Kimileri derler ki intihar bir irade işidir. Ben buna inanmıyorum. İntihar bir iradesizliktir. Dünyadaki güçlükleri yenebilen, o iradeyi gösterebilen kimse kolay kolay ölüme razı olmaz. Ölüme razı olan, hiçbir şeyle cedelleşemeyen, bu savaşta bütün ümitlerini kaybeden kişidir.
Ayağımın altındaki toprak, kunduralarıma yapışmaya başladı. Gittikçe çamur içine giriyorum. Şöyle ileriye doğru baktım: Bataklık. Sağa doğru gidersem sazların arasında kurakça bir yol bulurum diye düşündüm. O yana yürüdüm. Büsbütün batağa girdim. Sanki sazların arasından su fışkırıyor. Ama, ne olursa olsun, mutlaka deniz kıyısına gideceğim. İki yıl bu, dile kolay! Gideceğim, denize gideceğim.
Ayak bileklerime kadar batağa girdim. Her adım atışımda biraz daha batıyordum. Durdum. Başımın üzerinde kocaman kocaman deniz kuşları belirdi. Beyaz kanatlarını açmışlar, çığlık çığlığa, dönüp duruyorlar. Ne vahşi, ne korkunç bir manzara! Onların çığlıkları dışında, insanın tüylerini diken diken eden bir ölüm sessizliği var. Ölümü düşündüm. Ölümlerin en kötüsü, bir bataklıkta, çırpına çırpına, ümidin her an biraz daha azaldığını göre göre ölmekmiş gibi duymuştum. O geldi aklıma. Deniz uğruna, denize el sürebilmek uğruna ölüm! İstemiyorum ölmek. Oysaki bundan evvel kaç defa ölüme razı olmuştum. Razı olmak da değil, intihar etmeyi bile düşünmüştüm.
Kimileri derler ki intihar bir irade işidir. Ben buna inanmıyorum. İntihar bir iradesizliktir. Dünyadaki güçlükleri yenebilen, o iradeyi gösterebilen kimse kolay kolay ölüme razı olmaz. Ölüme razı olan, hiçbir şeyle cedelleşemeyen, bu savaşta bütün ümitlerini kaybeden kişidir. O ümitleri kaybetmek için de, insanın, kendisini dünyaya bağlayacak hiçbir şeyi olmamalı. Ne para, ne pul, ne aşk, ne muhabbet, ne şeref, ne namus. Ama şimdi ben öyle miyim ya! Hiçbir şeyim olmasa bile günde beş lira kazanabileceğim. Beş lira! Az para mı?

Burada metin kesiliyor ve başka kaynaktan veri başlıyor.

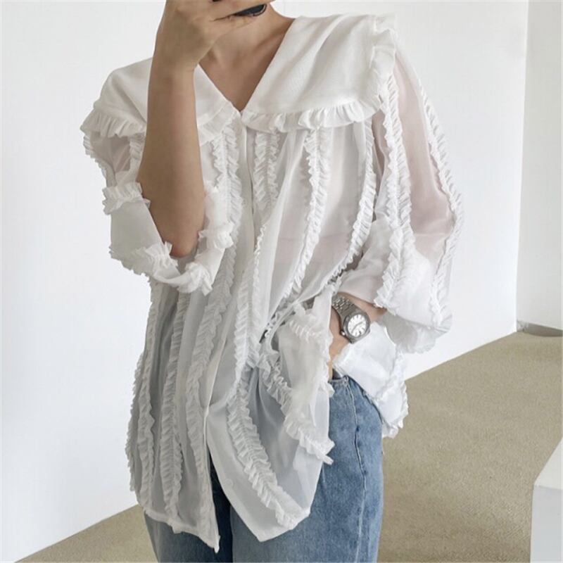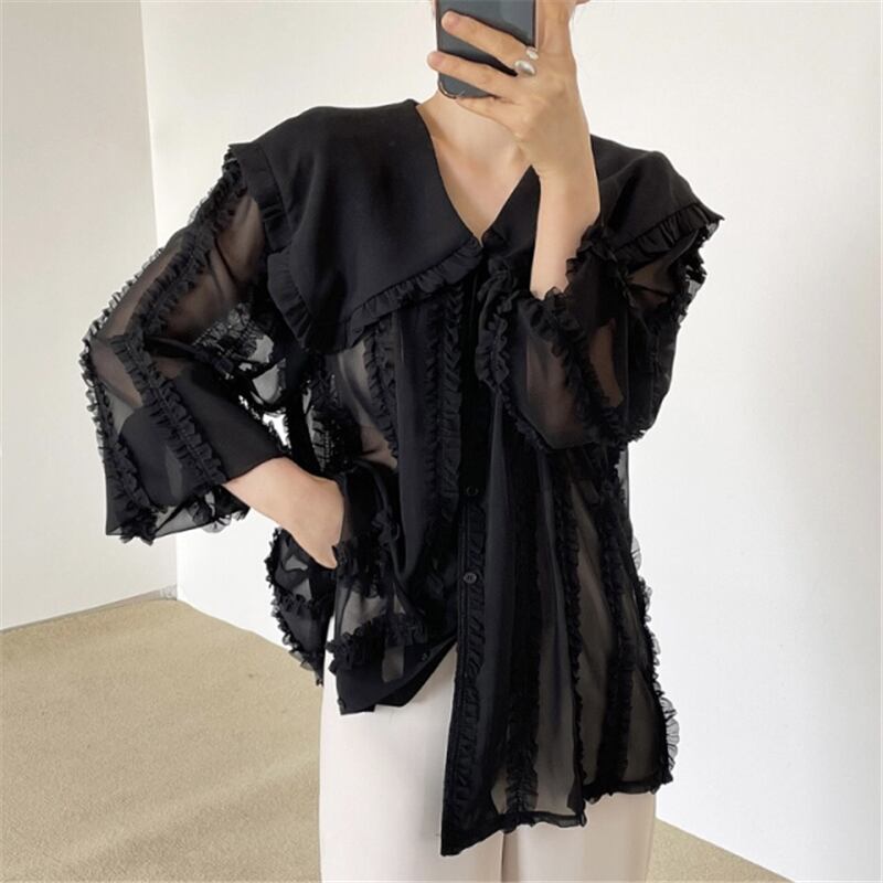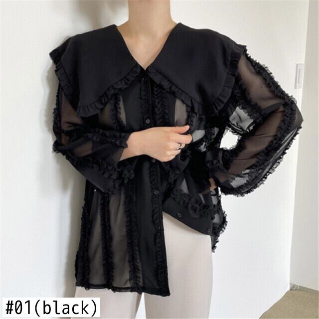 のみくまレースシャツレディースシックフリルパッチワークブラウスカジュアル長袖ピーターパンカラートップス2021年秋6L851 ロング オータム 秋物 kor89402981725

Bu beş lirayla pekâlâ karnımı doyurabilir, ısınabilir, giyinebilir, dünyanın parasız olan bütün nimetlerinden faydalanabilirim. Gökyüzünün parlaklığı, denizin mavisi, ağaçların yeşili, toprağın sıcaklığı, suların sesi, havada uçan kuşlar, rüzgârın getirdiği çiçek kokuları… Nasıl vazgeçerim bunlardan? Hayır, ölmek istemiyorum…
Peki, ya deniz? İşte, on beş dakikalık yolum kalmış, deniz kuşları, çığlık çığlığa, hâlâ dönüp duruyorlar. Vazgeçemeyeceğim denizden. Tekrar etrafıma bakındım. Biraz daha kuru bir yol aradım. Galiba, azıcık gayret edip daha sağa gidersem kurak bir yere çıkabileceğim. Yavaş yavaş, sulara, çamurlara bata bata, o yana doğru ilerledim. Gayret! Biraz daha! Biraz daha!
Dediğim oldu. Üstünde toz tabakaları bulunan, dümdüz, kupkuru bir yere geldim. Gelir gelmez de koşmaya başladım. Kıyıya bir an evvel varmalıyım.
Sazlarla, kamışlarla örtülü bir tümseği atladım. Kıyıdayım. Ayaklarımın altında kumla karışık çakıl taşları. Sular ayaklarıma kadar geliyor. Sığ bir sahil. Sahilin üç metre gerisinde vatoz ölüleri, iri iri şeytan minareleri, içi boşalmış pina kabukları. Ne vahşi bir deniz! Hiç böylesini görmemişim.
* * *
Beyaz kanatlı kuşlar, hep çığlık çığlığa, başımın üzerinde. İçimde sonsuz bir sevinç. Bağırmak istiyorum: “Boş ver!” diye haykırmak istiyorum, “Beş liraya da boş ver!”